■ EXERCISE DETAILS
The response must consist of the complete listing below, reproduced without alteration.

■ EXERCISE DATA
__________________________________________________

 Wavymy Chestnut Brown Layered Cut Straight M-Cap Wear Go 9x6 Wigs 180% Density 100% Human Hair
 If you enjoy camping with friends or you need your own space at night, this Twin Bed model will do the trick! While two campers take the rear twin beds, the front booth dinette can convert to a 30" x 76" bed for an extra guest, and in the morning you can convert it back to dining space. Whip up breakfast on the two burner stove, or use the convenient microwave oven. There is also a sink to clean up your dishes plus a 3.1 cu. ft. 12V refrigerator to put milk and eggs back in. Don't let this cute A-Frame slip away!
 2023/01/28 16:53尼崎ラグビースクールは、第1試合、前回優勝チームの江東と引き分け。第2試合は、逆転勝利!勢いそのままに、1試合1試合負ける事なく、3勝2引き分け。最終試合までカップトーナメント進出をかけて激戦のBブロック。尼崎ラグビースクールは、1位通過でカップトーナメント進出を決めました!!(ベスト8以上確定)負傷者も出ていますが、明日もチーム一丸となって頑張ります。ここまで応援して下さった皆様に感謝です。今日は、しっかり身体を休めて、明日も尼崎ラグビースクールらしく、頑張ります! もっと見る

__________________________________________________

■ ANSWER FOR THIS EXERCISE
 Wavymy Chestnut Brown Layered Cut Straight M-Cap Wear Go 9x6 Wigs 180% Density 100% Human Hair
 If you enjoy camping with friends or you need your own space at night, this Twin Bed model will do the trick! While two campers take the rear twin beds, the front booth dinette can convert to a 30" x 76" bed for an extra guest, and in the morning you can convert it back to dining space. Whip up breakfast on the two burner stove, or use the convenient microwave oven. There is also a sink to clean up your dishes plus a 3.1 cu. ft. 12V refrigerator to put milk and eggs back in. Don't let this cute A-Frame slip away!
 2023/01/28 16:53尼崎ラグビースクールは、第1試合、前回優勝チームの江東と引き分け。第2試合は、逆転勝利!勢いそのままに、1試合1試合負ける事なく、3勝2引き分け。最終試合までカップトーナメント進出をかけて激戦のBブロック。尼崎ラグビースクールは、1位通過でカップトーナメント進出を決めました!!(ベスト8以上確定)負傷者も出ていますが、明日もチーム一丸となって頑張ります。ここまで応援して下さった皆様に感謝です。今日は、しっかり身体を休めて、明日も尼崎ラグビースクールらしく、頑張ります! もっと見る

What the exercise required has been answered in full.